Over the past year (and through several releases), Apache Impala (incubating) has added numerous new features and performance enhancements better enabling high-performance SQL analytics over big data. Thus, it is time again for an update to the Impala cookbook, which contains best practices for these new features, updated guidelines, and more detailed examples.
Note: This cookbook does not yet capture best practices for the major new advancements available with the recent GA of Kudu. Stay tuned for some upcoming blogs for more details.
As the leader for powering modern analytic database workloads, Impala continues to be used by an increasing number of enterprises to support large-scale, multi-user BI and analytic use cases.

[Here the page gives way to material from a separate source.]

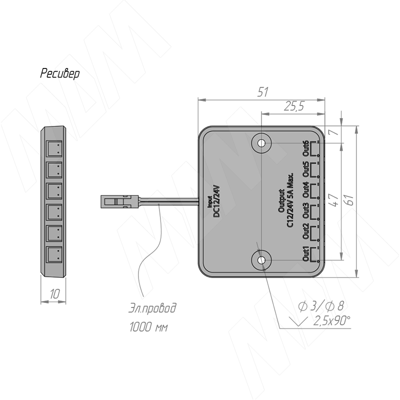 Внимание! Выключатель может работать в напряжении 12 и 24 В, но ресивер и провода оснащены коннекторами для напряжения 12 В. Для подключения светильников и блока питания с рабочим напряжением 24 В необходимо дополнительно приобрести провода-«переходники».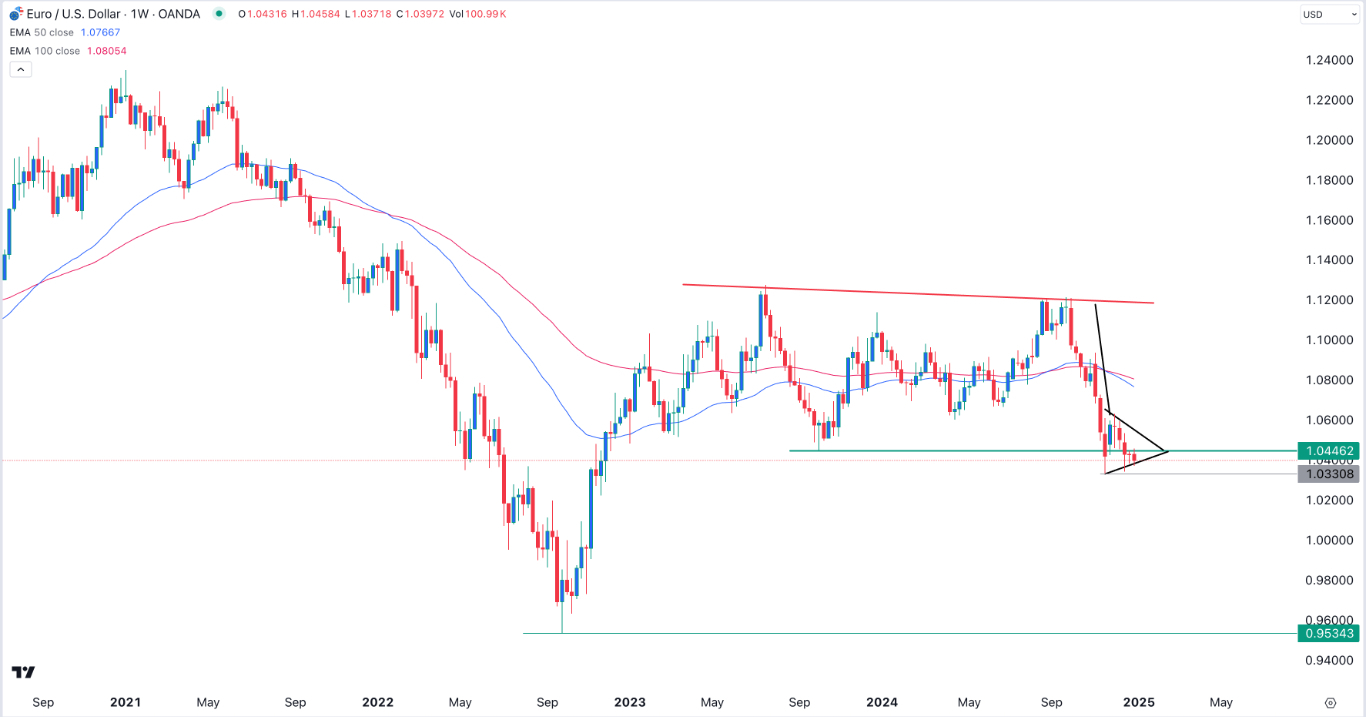 The pair’s 100-week and 50-week Exponential Moving Averages (EMA) have formed a bearish crossover pattern. Also, it has formed a bearish pennant chart pattern, a popular bearish continuation sign.

The Impala cookbook has been one of the most popular resources to help these Impala users best tune their system. This latest update to the Impala cookbook now includes additional details from the technology advancements and learnings over the past year to help you get the most out of Impala.

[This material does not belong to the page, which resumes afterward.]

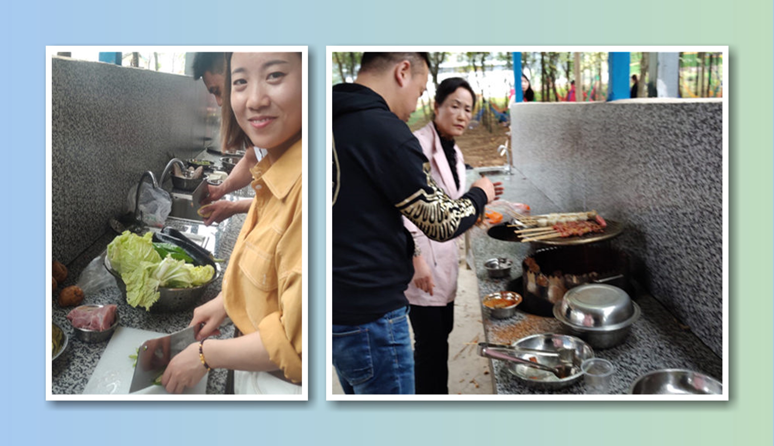 中午醉有趣的就是野炊这种土锅土灶造饭的环节啦,人多一起又热闹,大家成立一个炊事班,进行角色的分工,有的工友在抓鸡,有的在捉鱼,有的捡柴,有的生火,切菜,打杂。每个人都有自己的任务,不会出现2-3人在做饭,其他人在玩的现象,饭做好了大家可以先不用着急吃,可以组织厨艺比赛,设立相应的奖项,按照菜品的味道,卖相,起名,团队配合,分别进行评分。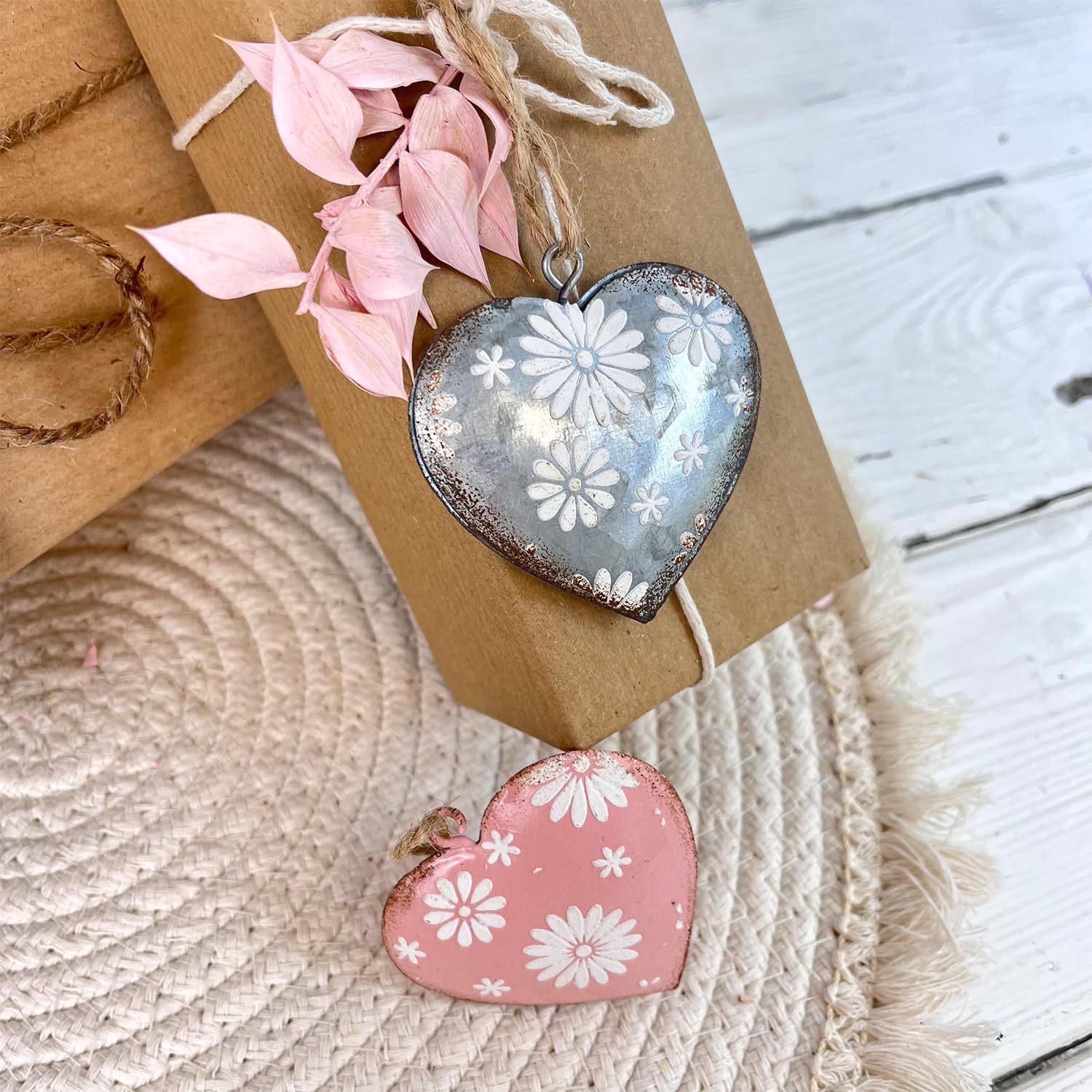 - Hochwertige Frühlingsanhänger in Form von Herzen aus Metall mit Schnur zum Aufhängen. Im Set enthalten sind Herzen in den Farben silber, rosa, hellblau und hhellgrün - jeweils verziert mit weissen Blümchen

Highlights of the topics that have been updated include:
- Query tuning and performance
- Runtime filters: how they work, and how to tune them
- Codegen: more operations are now supported
- Nested types
- Updated benchmarking results (compute stats, sorting, writing speed)
- New guidelines about catalog metadata, incremental stats
- Cluster sizing
- KDC capacity consideration
- Connection storm handling
We also removed some outdated topics and guidelines that are no longer needed with the latest releases of Impala.
The goal of the best practices guide is to provide practical advice based on our collective experiences with Impala to help you quickly adopt and successfully take advantage of the latest features. Happy cooking!